10. Chomping at the bit

This phrase originates from the behavior of horses that are eager to start running. When a horse is held back, it may bite on the bit in its mouth out of frustration. It is commonly used to describe someone who is eagerly waiting for an opportunity or impatient to begin.

  • For example, a student might say, “I’ve studied all night and I’m chomping at the bit to take the exam.”
  • A job applicant might say, “I’ve been preparing for this interview for weeks and I’m chomping at the bit to showcase my skills.”
  • A traveler might say, “I’ve packed my bags and I’m chomping at the bit to explore a new destination.”

11. Set to roll

This phrase indicates that someone is fully prepared and ready to start or take action. It implies that all necessary preparations have been made and one is ready to proceed.

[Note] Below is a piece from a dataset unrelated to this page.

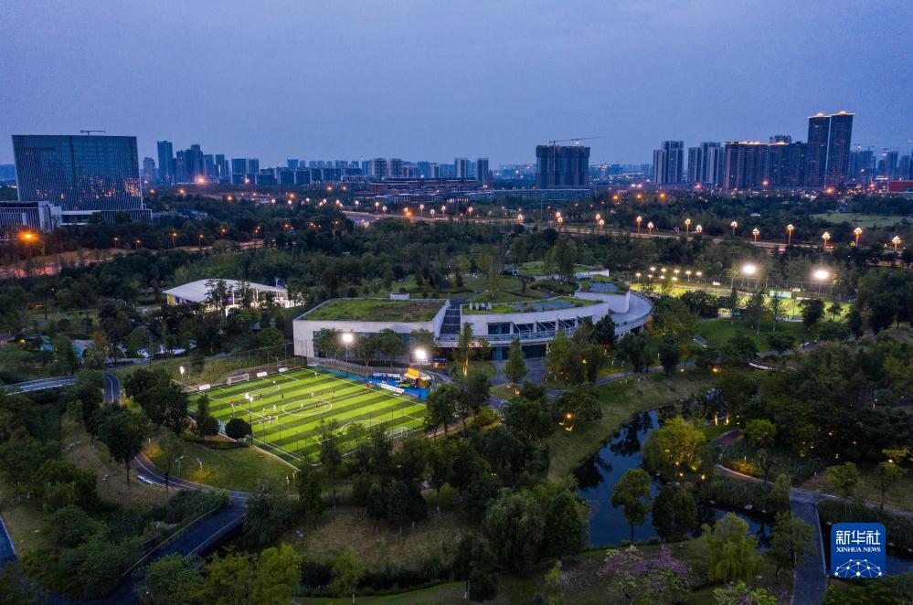 市民在成都天府新區20號足球主題運動公園踢足球(7月13日攝)。

  • For example, before a race, a coach might say, “Get set to roll, athletes!”
  • In a business meeting, someone might say, “I’ve reviewed all the documents and I’m set to roll with the presentation.”
  • A friend might ask, “Are you set to roll for the road trip tomorrow?”

12. In the starting blocks

This phrase comes from the world of athletics, specifically track and field, where runners start a race from the starting blocks. It means being in a position of readiness and anticipation, prepared to start something.

  • For instance, a teacher might say, “Everyone, get in your seats and be in the starting blocks for the lesson.”
  • Before a competition, a coach might say, “Get in the starting blocks and be ready to give it your all.”
  • A speaker might say, “I’m in the starting blocks to deliver my presentation. Let’s get started!”

13. Ready to rock and roll

This phrase is a lively expression indicating enthusiasm and readiness to start something. It often implies a sense of excitement and anticipation.

  • For example, before a concert, a band member might say, “We’re all tuned up and ready to rock and roll!”
  • In a team meeting, someone might say, “Let’s get this project started. We’re ready to rock and roll.”
  • Friends planning a night out might say, “We’re all dressed up and ready to rock and roll!”

14. Fit to go

This phrase suggests that someone is in good physical and mental condition to begin or continue with a task or activity. It implies being fully ready and capable to proceed without any hindrances.

  • For instance, a coach might say, “The team is fit to go for the championship game.”
  • Before a long hike, someone might say, “I’ve packed all the essentials and I’m fit to go.”
  • A teacher might ask the class, “Is everyone fit to go with their assignments?”

15. Ready as can be

This phrase emphasizes the highest level of readiness and preparedness. It suggests that someone is fully prepared and there is no further need for preparation or delay.

  • For example, before a performance, a dancer might say, “I’ve rehearsed every move. I’m ready as can be.”
  • In a job interview, someone might say, “I’ve researched the company thoroughly. I’m ready as can be for any question.”
  • A friend might say, “I’ve packed my bags and double-checked everything. I’m ready as can be for our trip.”